TO DO:
Copy every line of the data exactly, keeping out any picture.

DATASET EXTRACT:
%%

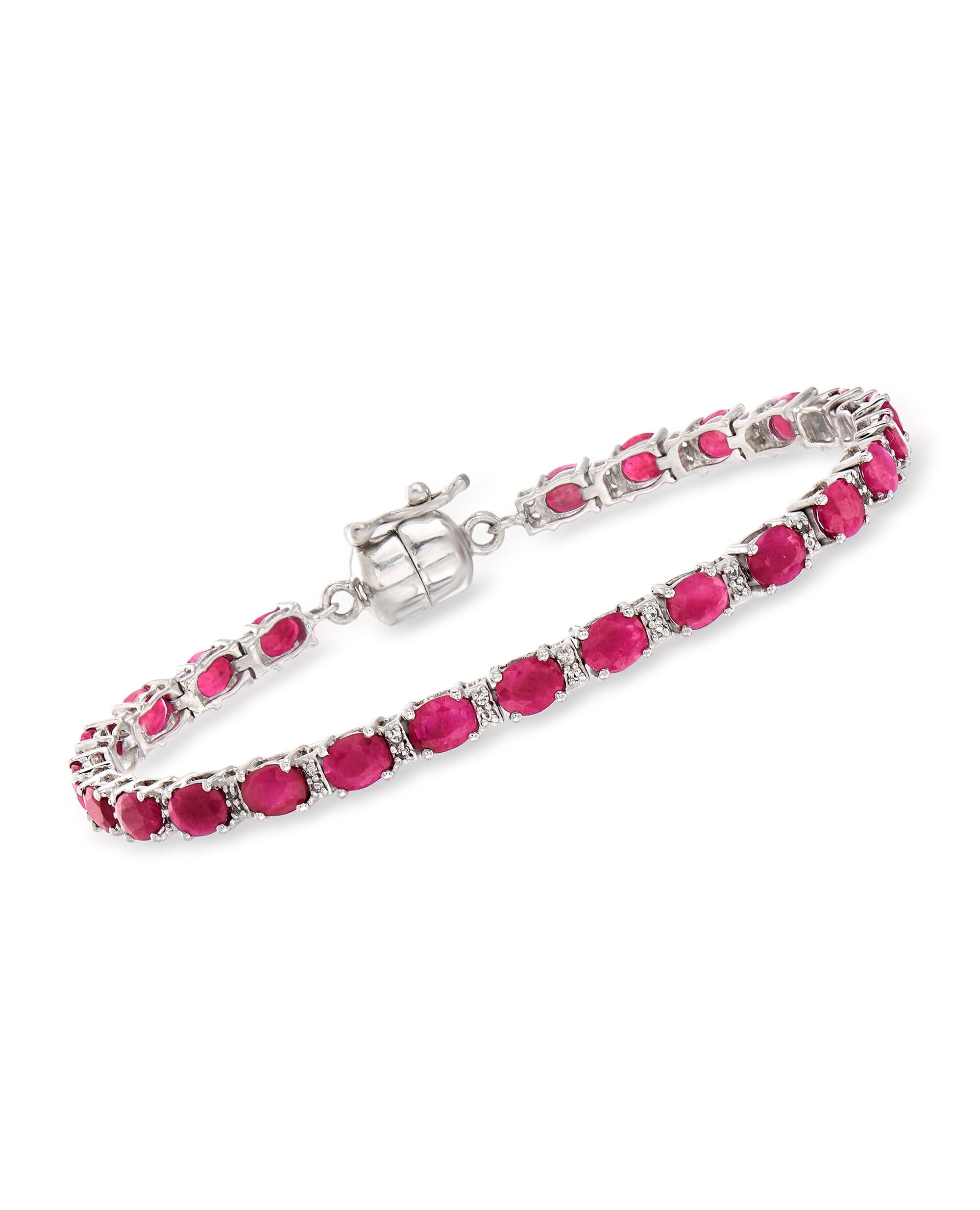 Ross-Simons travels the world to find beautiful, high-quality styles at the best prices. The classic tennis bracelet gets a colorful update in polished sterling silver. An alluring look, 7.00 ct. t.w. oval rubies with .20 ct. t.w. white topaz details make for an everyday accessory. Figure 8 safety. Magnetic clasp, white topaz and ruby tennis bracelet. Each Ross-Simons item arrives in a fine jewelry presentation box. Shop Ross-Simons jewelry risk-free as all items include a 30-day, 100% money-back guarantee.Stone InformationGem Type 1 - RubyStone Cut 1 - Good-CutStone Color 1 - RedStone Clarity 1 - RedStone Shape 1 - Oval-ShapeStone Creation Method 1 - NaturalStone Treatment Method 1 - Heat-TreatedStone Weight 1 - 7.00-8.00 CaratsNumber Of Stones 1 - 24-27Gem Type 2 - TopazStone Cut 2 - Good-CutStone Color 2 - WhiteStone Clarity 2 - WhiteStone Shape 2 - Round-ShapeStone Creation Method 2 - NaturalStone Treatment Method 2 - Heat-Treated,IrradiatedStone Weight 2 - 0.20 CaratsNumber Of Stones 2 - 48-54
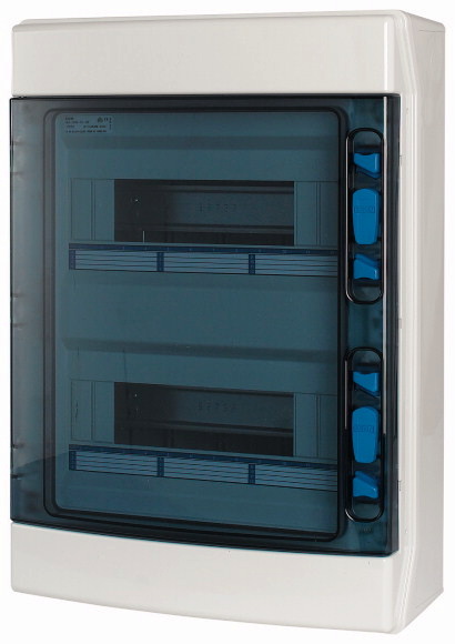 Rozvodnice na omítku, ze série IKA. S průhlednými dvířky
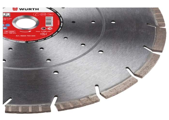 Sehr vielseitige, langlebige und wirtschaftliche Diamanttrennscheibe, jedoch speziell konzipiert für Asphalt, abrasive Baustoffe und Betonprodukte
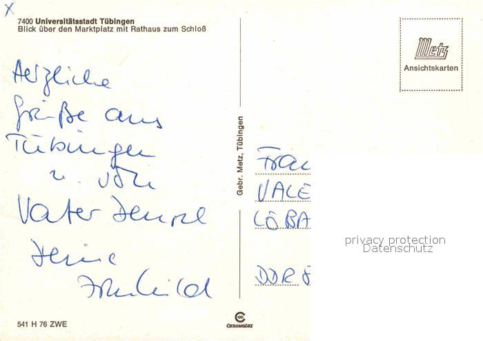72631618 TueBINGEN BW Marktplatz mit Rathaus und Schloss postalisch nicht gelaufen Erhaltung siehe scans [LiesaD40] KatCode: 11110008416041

%%

OUTPUT OF THE TASK:
 Ross-Simons travels the world to find beautiful, high-quality styles at the best prices. The classic tennis bracelet gets a colorful update in polished sterling silver. An alluring look, 7.00 ct. t.w. oval rubies with .20 ct. t.w. white topaz details make for an everyday accessory. Figure 8 safety. Magnetic clasp, white topaz and ruby tennis bracelet. Each Ross-Simons item arrives in a fine jewelry presentation box. Shop Ross-Simons jewelry risk-free as all items include a 30-day, 100% money-back guarantee.Stone InformationGem Type 1 - RubyStone Cut 1 - Good-CutStone Color 1 - RedStone Clarity 1 - RedStone Shape 1 - Oval-ShapeStone Creation Method 1 - NaturalStone Treatment Method 1 - Heat-TreatedStone Weight 1 - 7.00-8.00 CaratsNumber Of Stones 1 - 24-27Gem Type 2 - TopazStone Cut 2 - Good-CutStone Color 2 - WhiteStone Clarity 2 - WhiteStone Shape 2 - Round-ShapeStone Creation Method 2 - NaturalStone Treatment Method 2 - Heat-Treated,IrradiatedStone Weight 2 - 0.20 CaratsNumber Of Stones 2 - 48-54
 Rozvodnice na omítku, ze série IKA. S průhlednými dvířky
 Sehr vielseitige, langlebige und wirtschaftliche Diamanttrennscheibe, jedoch speziell konzipiert für Asphalt, abrasive Baustoffe und Betonprodukte
72631618 TueBINGEN BW Marktplatz mit Rathaus und Schloss postalisch nicht gelaufen Erhaltung siehe scans [LiesaD40] KatCode: 11110008416041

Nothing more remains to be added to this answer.